SUPPLIED INFORMATION below:

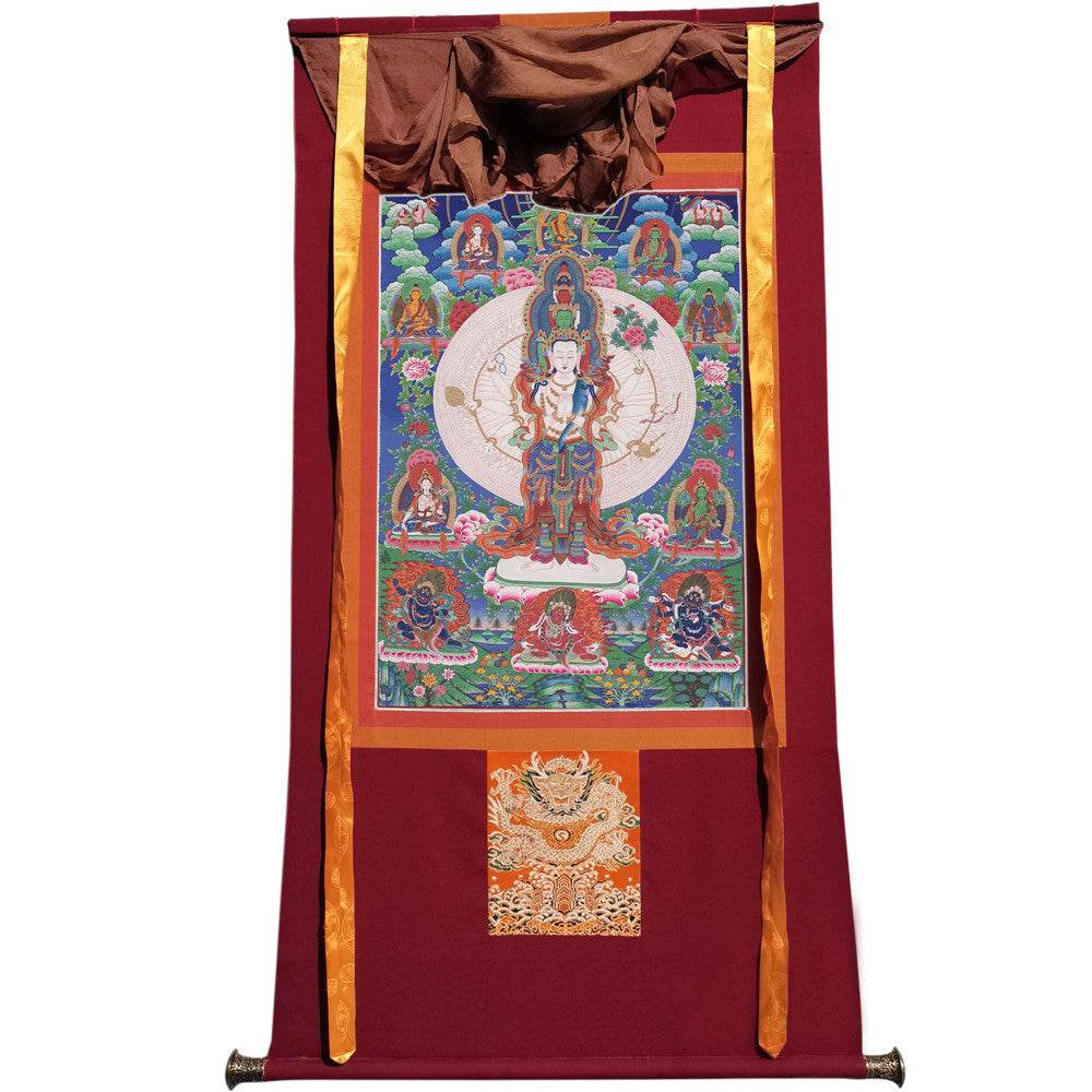Das Muster ist auf tibetische Baumwolle gedruckt, der Rahmen ist von tibetischen Handwerkern von Hand gefertigt.
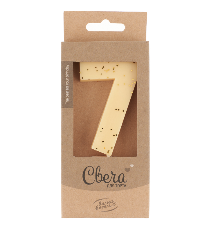 Свеча-цифра «7» кремовая с блестками 4,3*7,5 см, с держателем
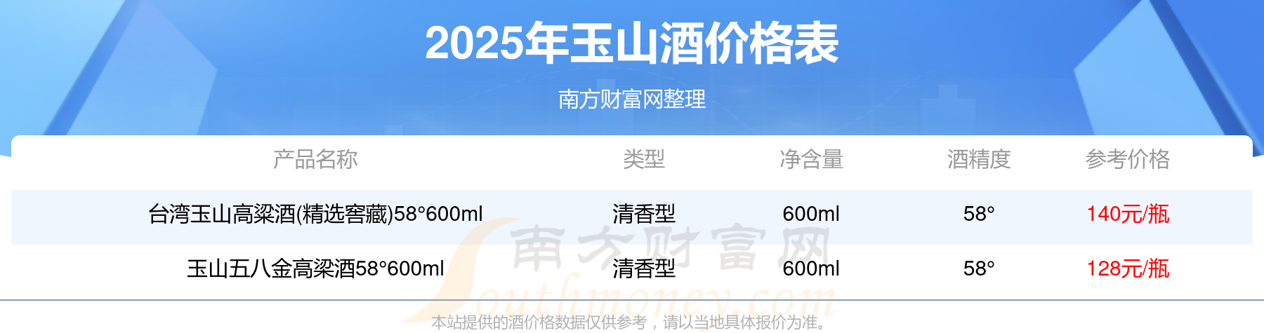 臺(tái)灣玉山高粱酒(精選窖藏)58°600ml參考價(jià)140元/瓶、玉山五八金高梁酒58°600ml參考價(jià)128元/瓶。

End of SUPPLIED INFORMATION.

Print the material above exactly as it appears, but not its pictures.

EXPECTED ANSWER =>
Das Muster ist auf tibetische Baumwolle gedruckt, der Rahmen ist von tibetischen Handwerkern von Hand gefertigt.
 Свеча-цифра «7» кремовая с блестками 4,3*7,5 см, с держателем
 臺(tái)灣玉山高粱酒(精選窖藏)58°600ml參考價(jià)140元/瓶、玉山五八金高梁酒58°600ml參考價(jià)128元/瓶。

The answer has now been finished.